British poker player (born 1956)

Benjamin (Ben) Roberts (born Mehdi Javdani (مهدی جاودانی) on 3 November 1956 in Iran) is a British professional poker player based in London.

==Poker career==

In 1998 he almost made the final table of the World Series of Poker Main Event. He finished sixth and received $150,000, but as he and Jan Lundberg were both eliminated in the same hand, the final table that year consisted of just 5 players. In his final hand, his pocket Aces, along with Lundberg's pocket tens, lost to Scotty Nguyen's Ace-Queen of Diamonds when Nguyen hit a flush on the river.

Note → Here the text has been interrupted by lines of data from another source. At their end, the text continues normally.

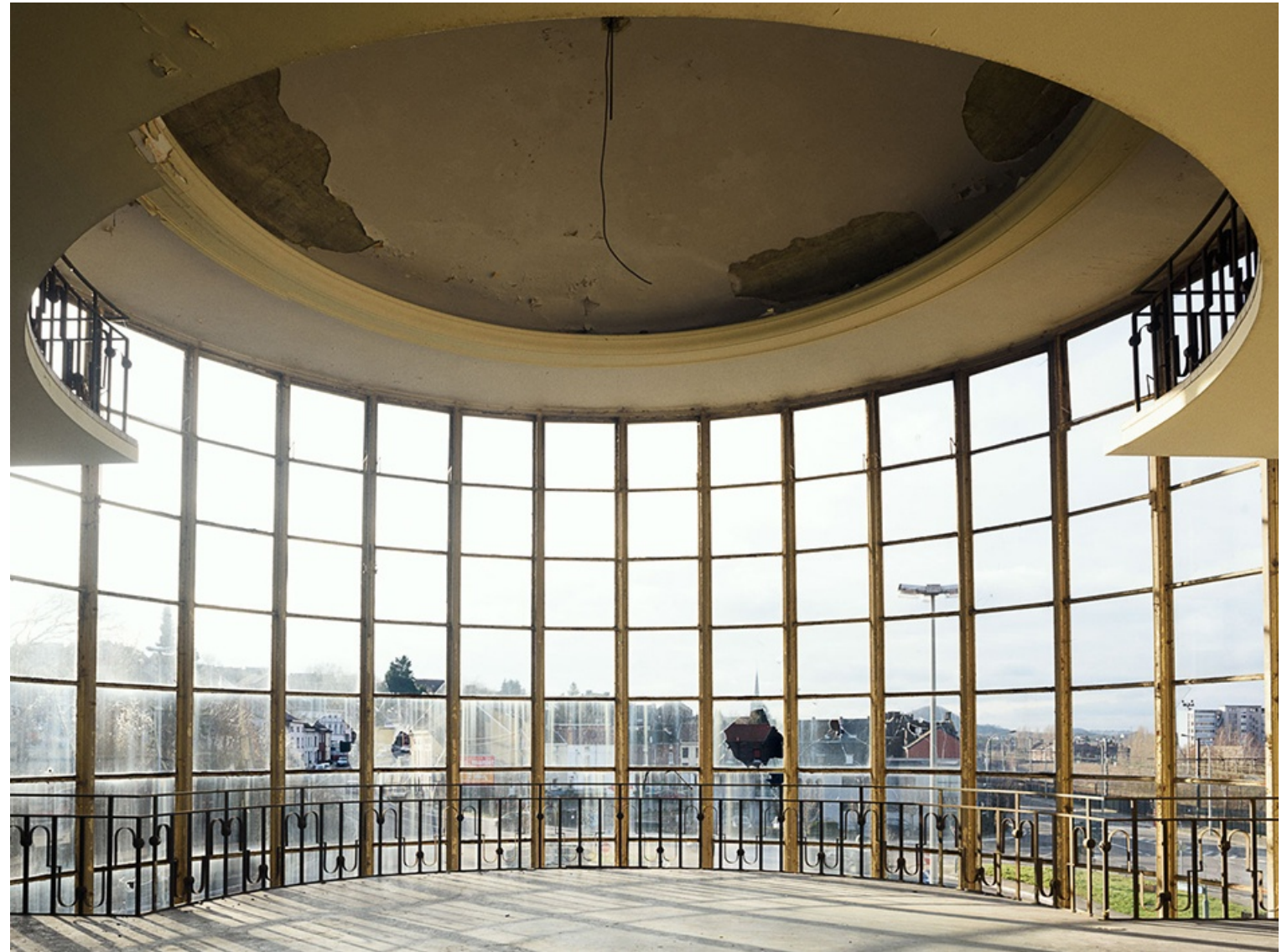
VIDRIERA (Charleroi) 2014 Impresión digital directa con tintas UV s/ dibond Edición 5 ejemplares 90 x 120 cm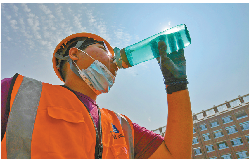
打工生活苦中有乐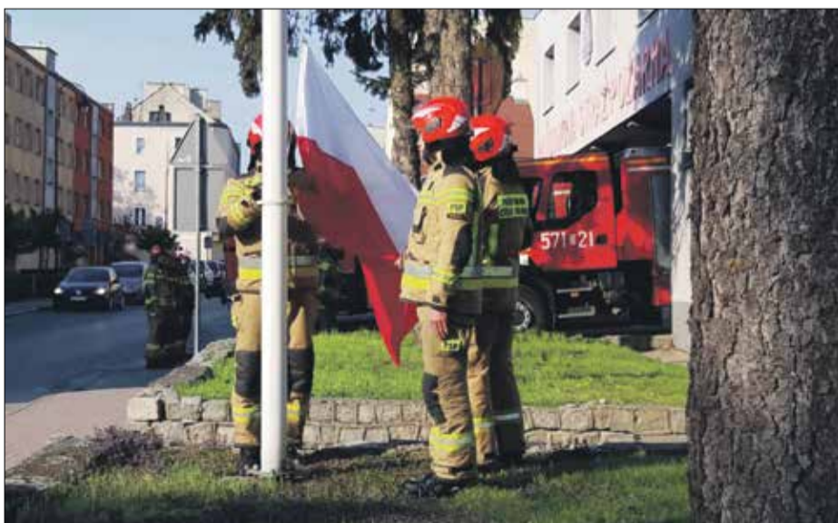
• 2 maja uroczyste podniesienia flagi państwowej z okazji Narodowego Święta Flagi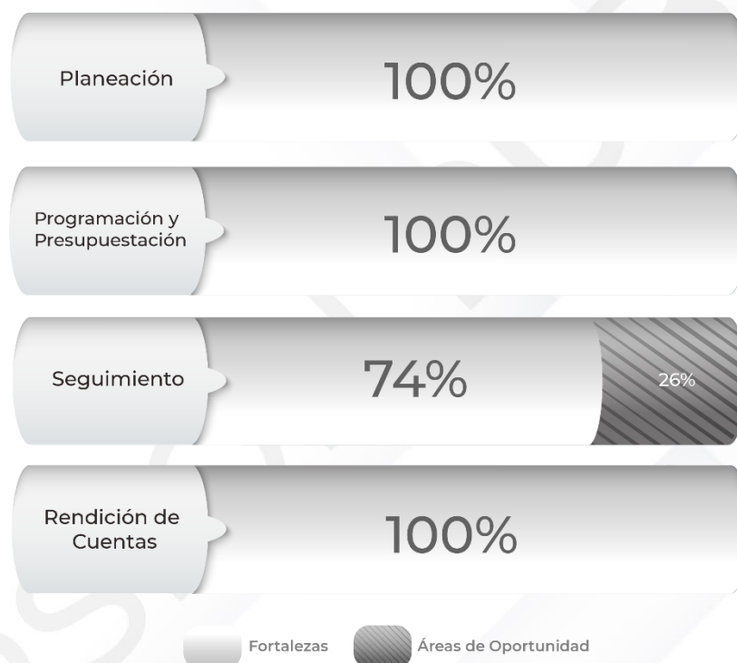
Gráfico 1. Resultados de los procedimientos relacionados al Ciclo Presupuestario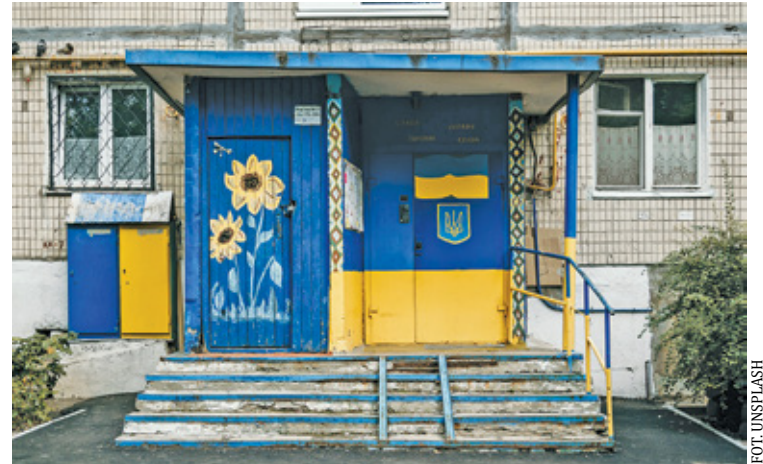
Z terenów Ukrainy przed wojną uciekło już ponad pół miliona ludzi

Z granicy przyjechała bussem, z obcymi. Nie była nawet pewna, gdzie jedzie. Trafiła do Piaseczna. Tu wolno-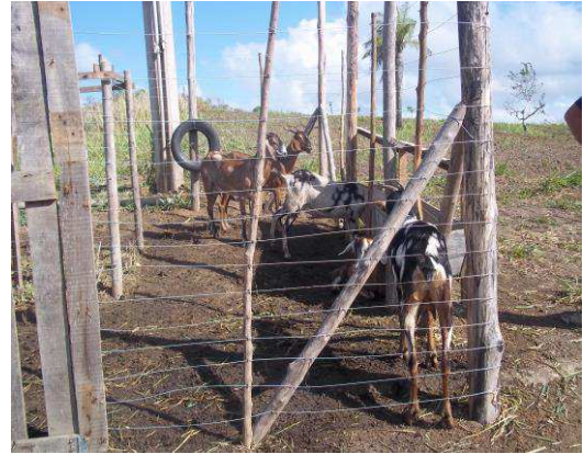
Figura 5. Animais expostos ao sol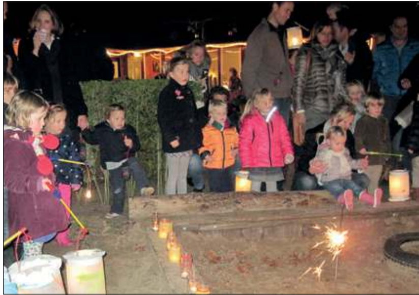
Het lichtjesfeest wordt spetterend afgesloten met 'vuurwerk' in de zandbak.

Om half 5 beginnen de feestkriebels toe te slaan als de geur van warme chocolademelk en glühwein de ruimte begint te vullen en de eerste ouders arriveren op het kinderdagverblijf. Want ook de kinderen die op donderdag niet op het kinderdagverblijf worden opgevangen, komen het feest meevieren.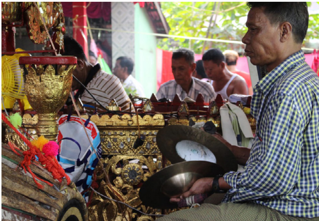
Fig. 2.4. I grandi cimbali linkwin donano all'esecuzione dell'ensemble un suono particolarmente intenso. Yangon, 2017.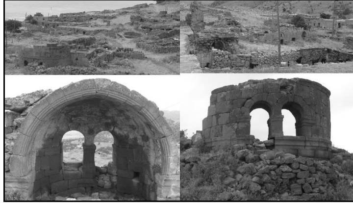
Fot. 2- Madneşehri'ndeki tarihi kalıntılar ve bugün de kullanılan köy konutları

Madneşehri (Binbirkilise): Karaman'ın kuzeyinde Karadağ üzerinde Orta Çağ Bizans sanatını yansıtan birçok kalıntı vardır. Bunlar (Fot. 2) Madneşehir Öreni, Yukarı Ören ve Değle Öreni adıyla bilinen yerlerde yoğunluk gösterir. Yöre, halk arasında Binbirkilise olarak bilinir. Burada XX. yüzyılın başlarında araştırma yapmış olan Ramsay ve Bell, köylülerin yöreyi bu şekilde adlandırmalarından esinlenerek kitaplarının adını The Thousand And One Churches koymuşlardır. Bölgedeki yapıların tarihsel süreç içerisindeki başlangıç ve bitiş tarihleri kesin olarak bilinmemekle birlikte IV. Ve IX. yüzyıllar arasına tarihlenmektedir. Binbirkilise yapıları düzgün kesme taşlarla ve kireç harcı ile inşa edilmiştir. Burada dini yapıların yanında manastırlar, sarnıçlar, mezarlar, askeri yapılar ve konutlar vardır (Karaman Kültür Envanteri, 2009, 21). Burada bugün hayvancılıkla uğraşan birkaç aile yaşamaktadır.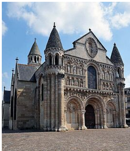
Eglise Notre-Dame-la-Grande

Rebâtie au XIe, Notre-Dame-la-Grande est l'un des joyaux de l'art roman. Reconnaisable notamment à son clocher à toit d'écailles, elle est surtout connue pour sa façade richement sculptée. Réalisée au début du XIIe siècle, c'est un chef d'œuvre de la sculpture romane qui mêle décor ornemental et message théologique. A l'intérieur, le décor date, pour l'essentiel, du XIXe siècle. Quelques vestiges de décors peints romans subsistent néanmoins dans le chœur.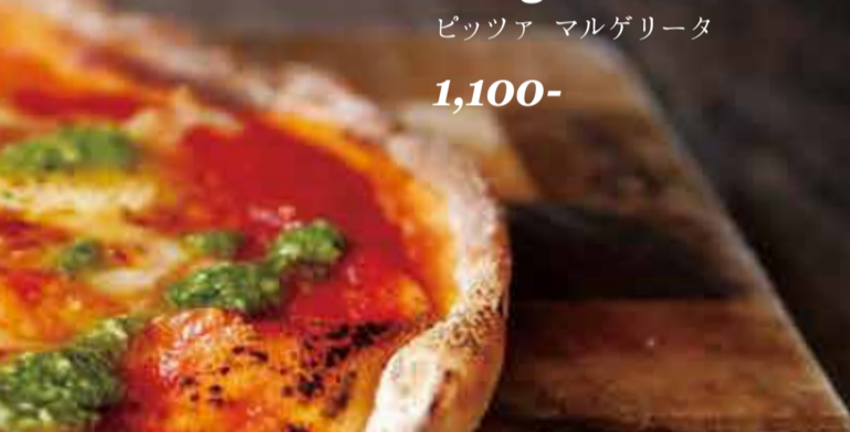
Margherita ピッツァ マルゲリータ 1,100-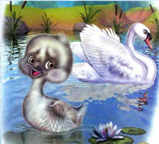
Сказка «Гадкий утенок»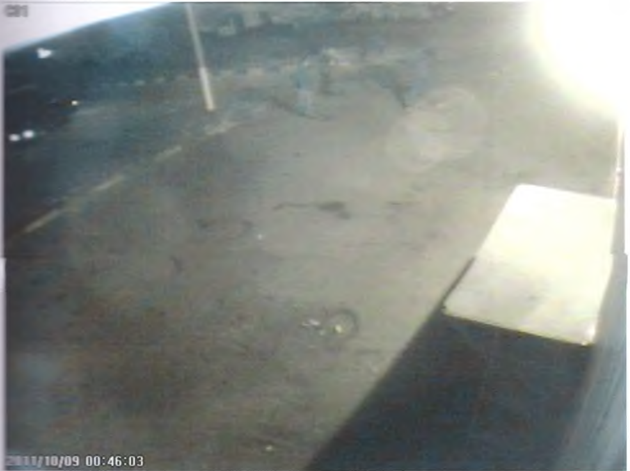
Кадр №1 – изображение видео после конвертации.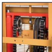
Catene di sollevamento tipo "Fleyer" Chaînes de levage type "Fleyer"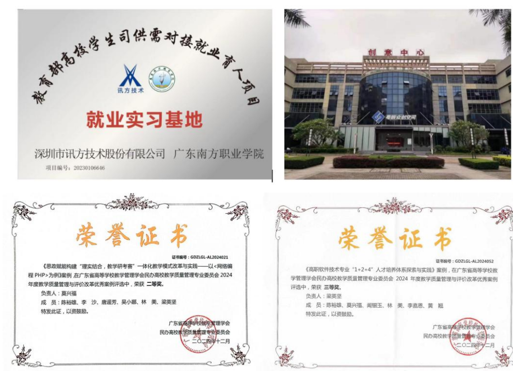
图12 实习基地、成果奖项

技术有限公司等共建产学研平台20多家，联合开展真实项目教学80余项，学生参与率达85%以上。23家企业与学校建立长期合作机制，共建实习实训基地20多个，带动区域科技创新与产业升级。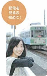
都電を見るの初めて！

副都心線「雑司が谷」駅1番出口の階段を上ると、目の前をキュートな電車がガタンゴトン…。停車したのは都電荒川線の「鬼子母神前」駅。懐かしい昭和な雰囲気がステキです。都電の線路を渡ると鬼子母神の参道「ケヤキ並木」が続きます。中には樹齢400年の大木もあって、東京都指定の天然記念物にも選ばれているとのこと。参道をしばらく行くと現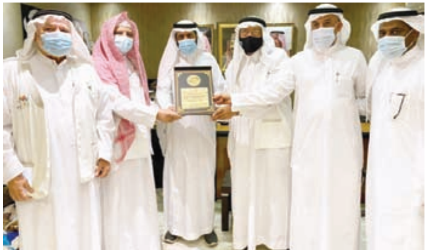
الجمعية تنال جائزة مكة للتمييز في دورتها الـ 12

عالية المستوى، كما تسعى مراكزها أن تكون متنفساً ومكاناً آمناً تستثمر فيه طاقات سكان الحي لتحقيق الأمن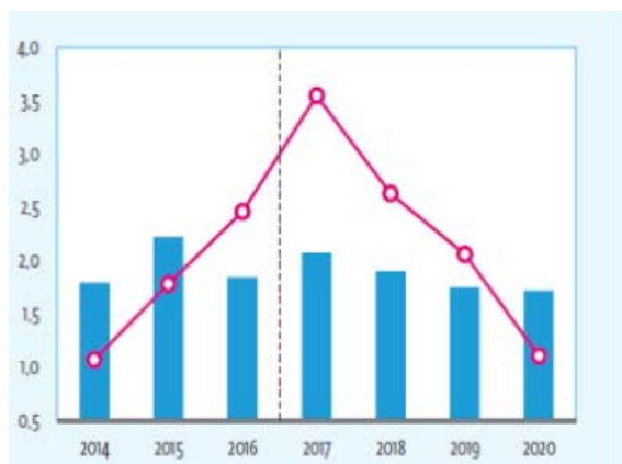
Прогноз развития строительства в странах ЕС, в % по сравнению с предыдущим годом

■ Динамика ВВП —○— Динамика объемов строительства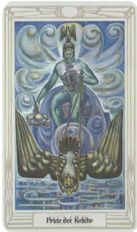
Prinz der Kelche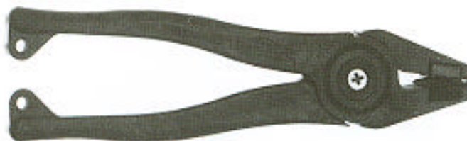
200.205 Fletcher törőfogó Egyenes vagy enyhén ívelt vágások töréséhez. Használatagarantáltan tiszta törésvonalakat eredményez. Kemény műanyagból készül, cserélhető pofákkal. Hossza 152 mm, a pofák szélessége 19 mm.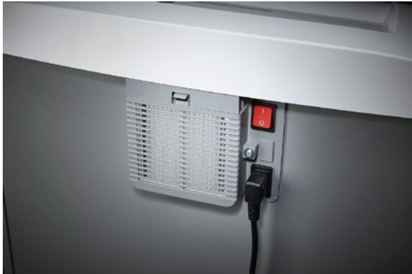
Abziehbarer Kaltgerätestecker vereinfacht das schnelle Bewegen des Aktenvernichters von A nach B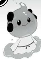
出雲市上下水道局キャラクター 「みずもちゃん」

最近、下水道への異物の流入によるポンプの故障や、油の流入による下水道管の詰まりが頻繁に発生しています。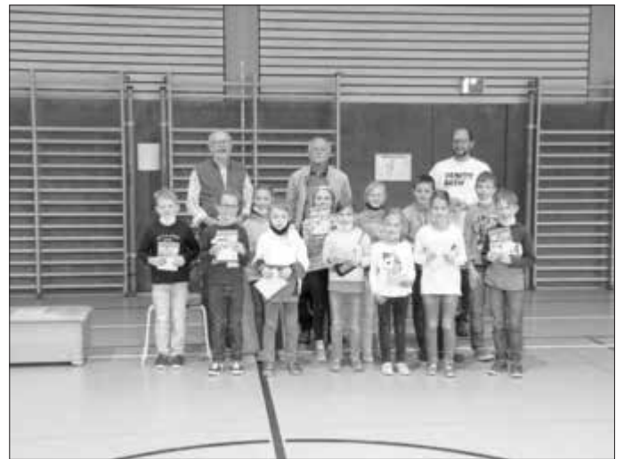
Die Gewinner der Grundschule Maroldsweisach im Schulort Maroldsweisach.

Bei dieser großen Lesebegeisterung in den Ferien verwundert es nicht, dass sich die Schüler und viele Eltern auch für das nächste Jahr wieder einen „SOMMERFERIEN-LESECLUB“ in den beiden Büchereien und an der Grundschule Maroldsweisach wünschten.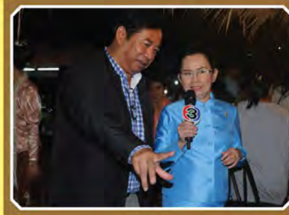
จำอวดหน้าม่าน จากรายการคุณพระช่วย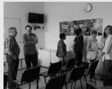
Irailaren 27an egin zen DYAren egoitza berriaren inaugurazioa.

DYA Gipuzkoak antolatu du ekimena, urriaren 20rako. Goizeko 11:00etan hasita, rokdromoan, haurrentzako tailerrak, tonbola, rcp tailerrak, boluntarioentzako karpa, errekurtsioen erakusketa, erreskateko simulazioak, kaleko antzerkia... iragarri dituzte, arratsaldeko 18:30ak arte. Simulazioarekin emango zaio amaiera.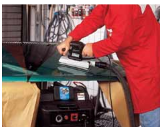
Lackschleifen mit dem Industrie-Staubsauger ISS 45-M mit Zulassung Staubklasse M.

Schleifen von Holz, Kunststoff, NE-Metall, Stahlblech ... Gespachtelte und lackierte Flächen, ebene und gewölbte Flächen.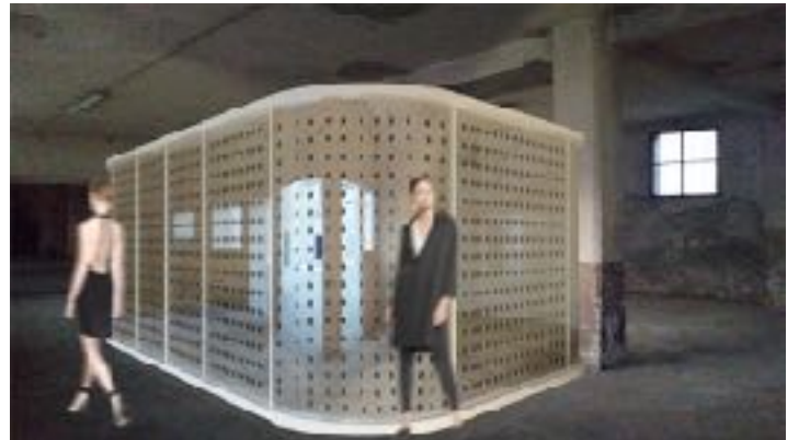
13_cocoon beauty area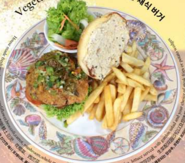
Vegetarian Burger 素食汉堡 채식 버거

House made fresh minced potatoes, cauliflower, broccoli, carrot, mushroom, whole meal bun, hummus, tomato-jalapeno salsa, lettuce served with garden salad and your choice of steak, fish, or chicken. 自家製 신선한 찍은 감자, 브로콜리, 양파, 토마토, 호박, 양파, 브로콜리, 버섯, 통밀빵, 호두콩, 토마토-할라피뇨 샐러드, 가든 샐러드와 함께 제공되는 양고기, 생선, 닭고기 또는 닭고기 요리 선택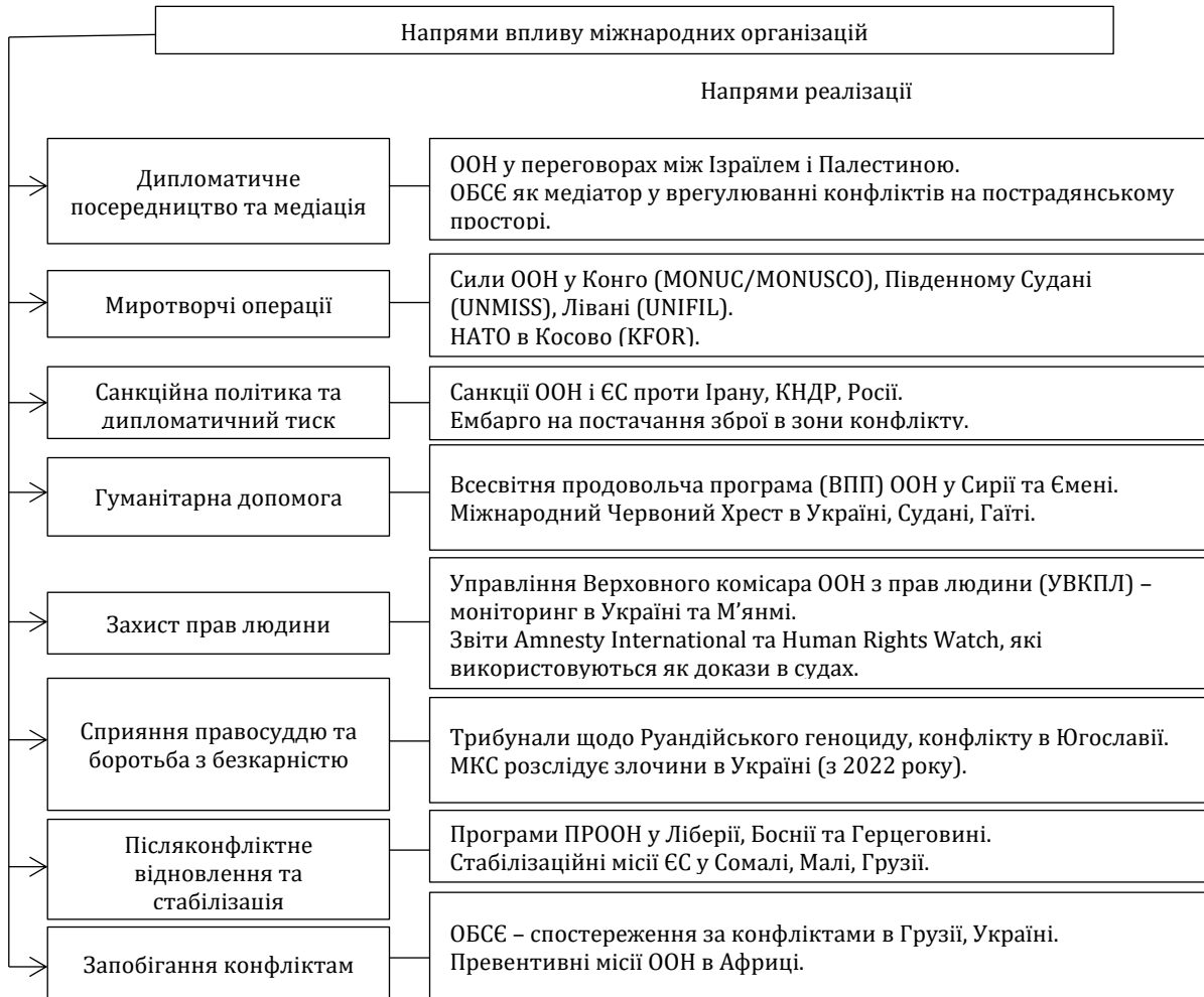
Рис.2. Основні напрями впливу міжнародних організацій

Аналіз основних напрямів впливу міжнародних організацій дозволяє краще зрозуміти, як саме функціонує міжнародна спільнота у розв'язанні конфліктів, котрі інструменти є найефективнішими та в яких випадках їх застосування є критично необхідним. Саме це дослідження скероване на глибше розкриття ролі міжнародних організацій як чинника миру та безпеки у XXI сторіччі. Міжнародні організації використовують широкий спектр інструментів для впливу на перебіг і врегулювання конфліктів. Їхні дії спрямовані як на уникнення ескалації, так і на зменшення наслідків вже наявних збройних зіткнень (рис.2).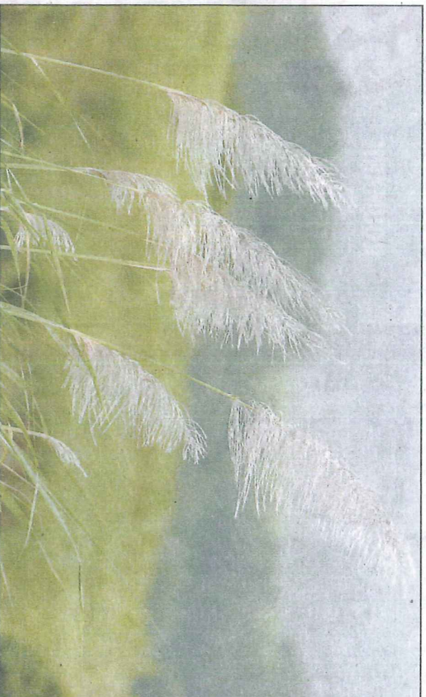
Les allergies aux pollens sont relativement peu fréquentes à la Réunion. Ce sont les acariens qui se taillent la part du lion.

Les principales maladies allergiques sont l'asthme, l'eczéma et les rhinites. Parmi les nombreux allergènes, on trouve des pollens, des acariens, des moisissures ou encore des poils d'animaux. La rhinite allergique est une inflammation des muqueuses nasales. Elle se traduit par des démangeaisons dans le nez ou le nez bouché, des maux de tête, des éternuements ou encore une pharyngite. Les sifflements dans la poitrine ou le sentiment d'oppression sont les symptômes de l'asthme et peuvent être le résultat d'allergies pas soignées ou mal traitées.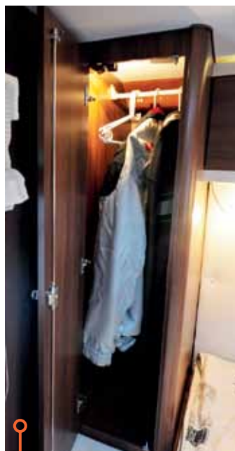
Bästa garderoben i McLouis med bra hänghöjd och bra belysning.

» McLouis har bättre garderober men i övrigt går allt Eribas väg.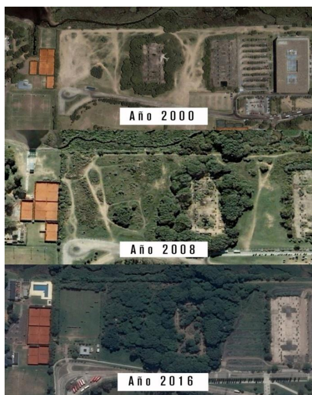
Mapa 1. Progreso de la restauración ecológica en el territorio de la ecoaldea Velatropa.

In 2002 he made an appearance on Late Night Poker. He finished 3rd in his heat, ahead of such players as Ross Boatman, Daniel Negreanu and Malcolm Harwood.

In 2004 he made his first final table of the World Poker Tour (WPT), where he finished 5th in the third season Grand Prix de Paris event won by Surinder Sunar. Roberts won €101,980 at the event.

In 2005 he made the final table of the VC Cup for £ 50,000. He competed in the World Speed Poker Open. In the same year he also became the 5th entrant in the European Poker Players Hall of Fame.

As of 2023, his total live tournament winnings exceed $1.4 million.

==Other activities==
Roberts was a County Table Tennis Champion in 1978 and the English Snooker Champion in 1979.

Roberts legally changed his name when he got married in the late 1970s. He went on to have 3 children. Jamie Roberts, Rebecca Roberts and Sebastian Roberts. He is also fond of jazz music.